(Dataset records)
----

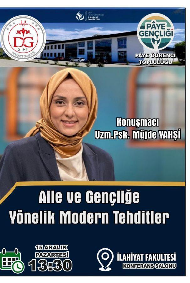 Siirt Üniversitesi İlahiyat Fakültesi, Pâye Öğrenci Topluluğu’nun organizasyonu ile aile ve gençlik alanındaki nitelikli çalışmalarıyla tanınan Uzman Psikolog Müjde Yahşi’yi konuk ediyor.
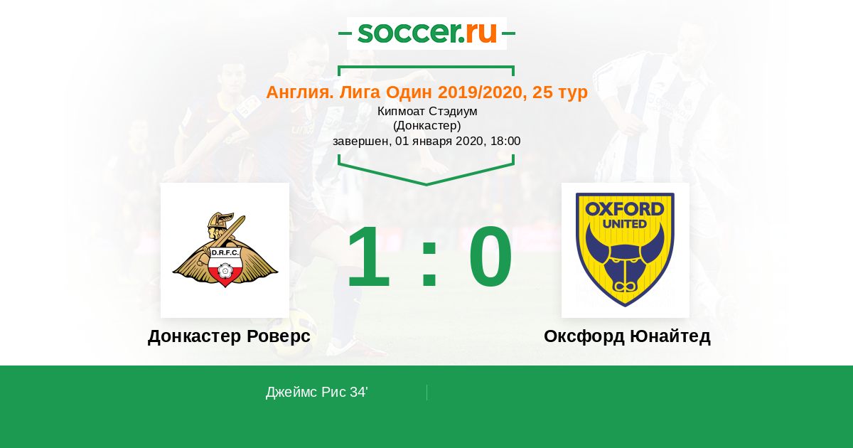 Протокол матча Донкастер Роверс против Оксфорд Юнайтед
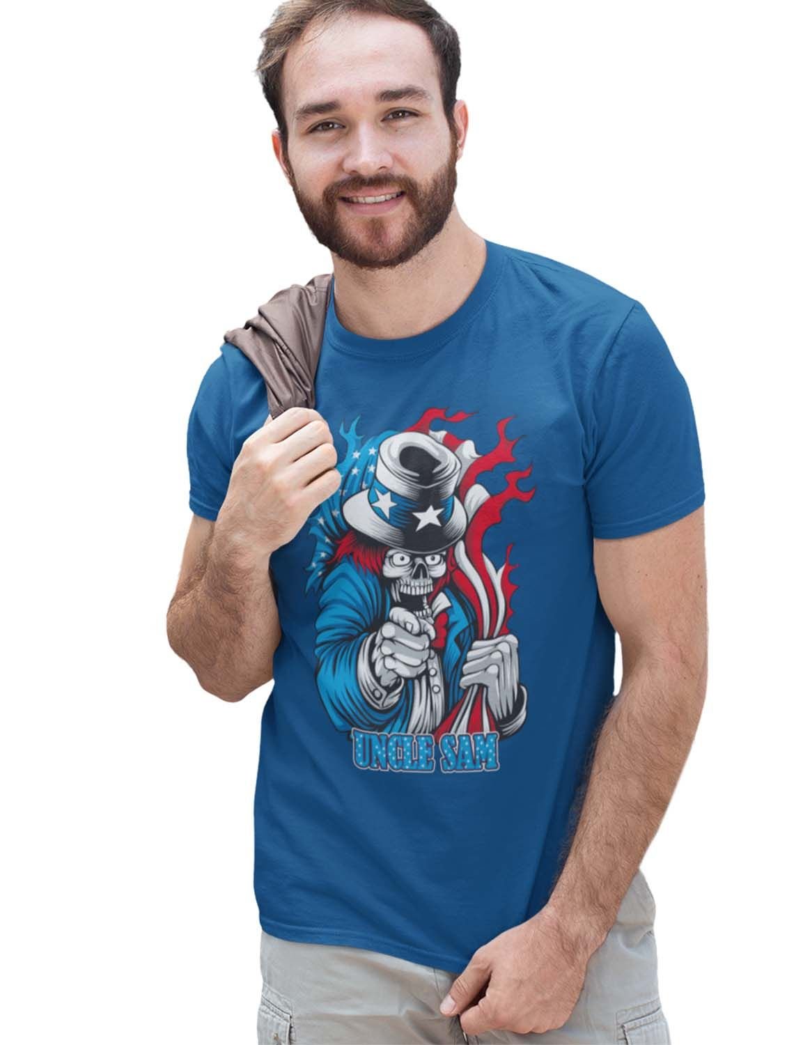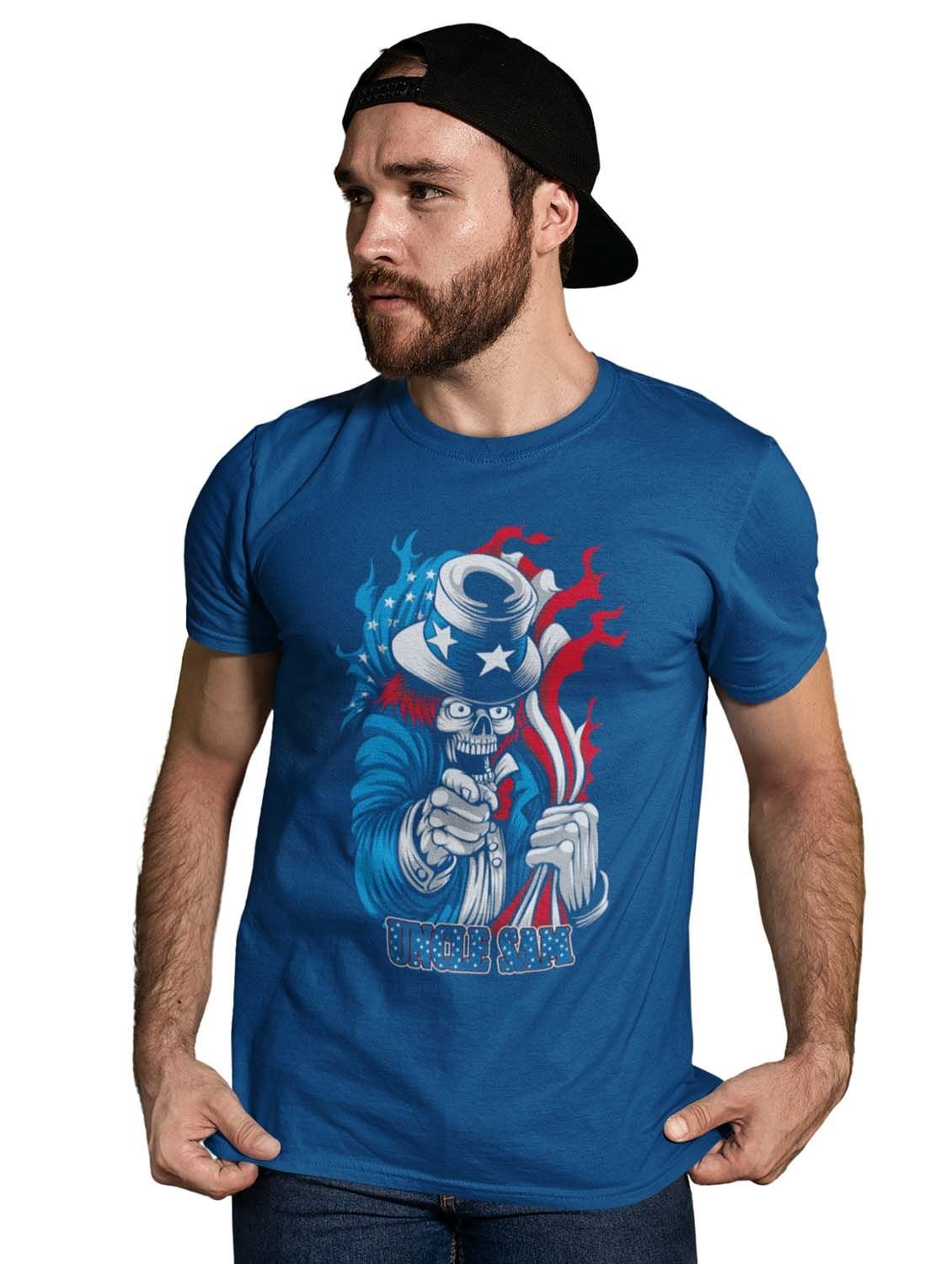 Uncle Sam Blue Round Neck Cotton Half Sleeved T-Shirt with Printed Graphics
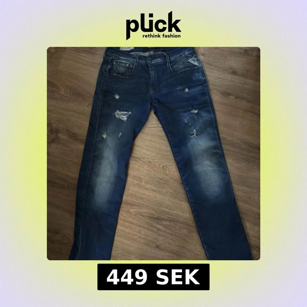 Säljer ett par Replay Hyperflex jeans i mörkblå tvätt med slitningar och snygga detaljer. Jeansen har klassisk femficksdesign, raka ben och stretchigt material för extra komfort. Perfekta för dig som gillar en avslappnad men trendig look.
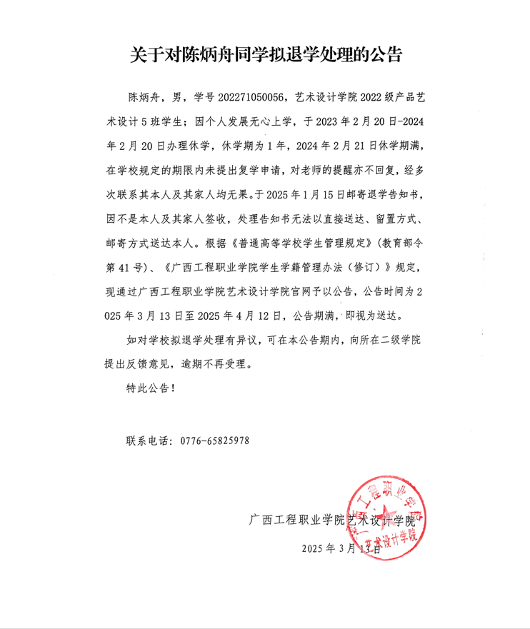 下一篇:關(guān)于對(duì)羅珮妮同學(xué)擬退學(xué)處理的公告
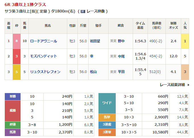 ◎ロードアヴニール(1人気)1着 単勝240円、複勝140円
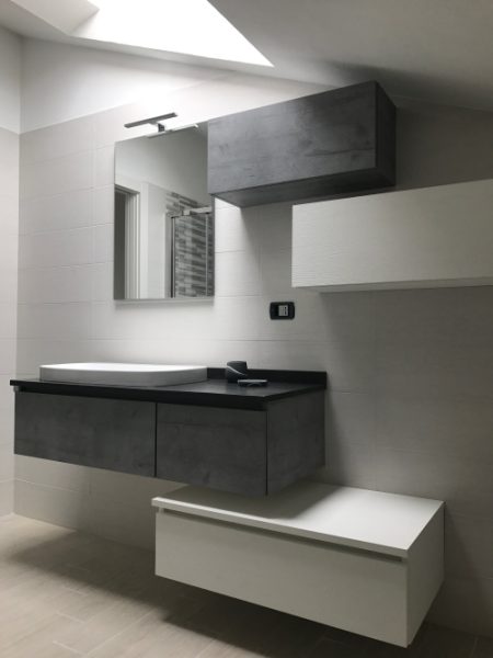 Arredo bagno laccato realizzato in Brianza, su progetto e misure personalizzate.
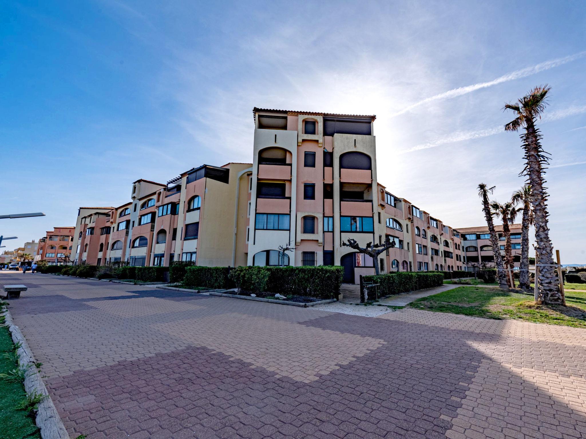 Residence "Front de Mer", 3 storeys. In the district of Grande Plage, in a busy position, 100 m from the sea, 100 m from the beach. In the complex: parking. Shop, grocery 50 m, supermarket 6 km, restaurant, bar, bakery, café 50 m, bus stop "Les Marines" 300 m, railway station "Perpignan" 24 km, sandy beach 50 m. Surf school 2 km, sailing school 3 km, tennis 3 km, indoor tennis centre 3 km, minigolf 2.5 km, riding stable 12 km. Nearby attractions: Aqualand Port Leucate 7 km, Réserve Africaine de Sigean 41 km, cinéma 1.2 km, téléski nautique 5 km, parcours aventure 5 km, Spot de windsurf 4 km. Well-known lakes can easily be reached: Etang de Leucate ou salses 3 km, Lac de Villeneuve de la Raho 34 km. Hiking paths: Sentier du guetteur 8 km, la forteresse de salses 15 km, Sentier du littoral Collioure 40 km. Please note: no lift. Entertainment in the season. The photograph shows a typical example. Additional accommodations can be booked.

----

With the images omitted, repeat all the data word for word.

 Siirt Üniversitesi İlahiyat Fakültesi, Pâye Öğrenci Topluluğu’nun organizasyonu ile aile ve gençlik alanındaki nitelikli çalışmalarıyla tanınan Uzman Psikolog Müjde Yahşi’yi konuk ediyor.
 Протокол матча Донкастер Роверс против Оксфорд Юнайтед
 Uncle Sam Blue Round Neck Cotton Half Sleeved T-Shirt with Printed Graphics
 Säljer ett par Replay Hyperflex jeans i mörkblå tvätt med slitningar och snygga detaljer. Jeansen har klassisk femficksdesign, raka ben och stretchigt material för extra komfort. Perfekta för dig som gillar en avslappnad men trendig look.
 下一篇:關(guān)于對(duì)羅珮妮同學(xué)擬退學(xué)處理的公告
 ◎ロードアヴニール(1人気)1着 単勝240円、複勝140円
 Arredo bagno laccato realizzato in Brianza, su progetto e misure personalizzate.
 Residence "Front de Mer", 3 storeys. In the district of Grande Plage, in a busy position, 100 m from the sea, 100 m from the beach. In the complex: parking. Shop, grocery 50 m, supermarket 6 km, restaurant, bar, bakery, café 50 m, bus stop "Les Marines" 300 m, railway station "Perpignan" 24 km, sandy beach 50 m. Surf school 2 km, sailing school 3 km, tennis 3 km, indoor tennis centre 3 km, minigolf 2.5 km, riding stable 12 km. Nearby attractions: Aqualand Port Leucate 7 km, Réserve Africaine de Sigean 41 km, cinéma 1.2 km, téléski nautique 5 km, parcours aventure 5 km, Spot de windsurf 4 km. Well-known lakes can easily be reached: Etang de Leucate ou salses 3 km, Lac de Villeneuve de la Raho 34 km. Hiking paths: Sentier du guetteur 8 km, la forteresse de salses 15 km, Sentier du littoral Collioure 40 km. Please note: no lift. Entertainment in the season. The photograph shows a typical example. Additional accommodations can be booked.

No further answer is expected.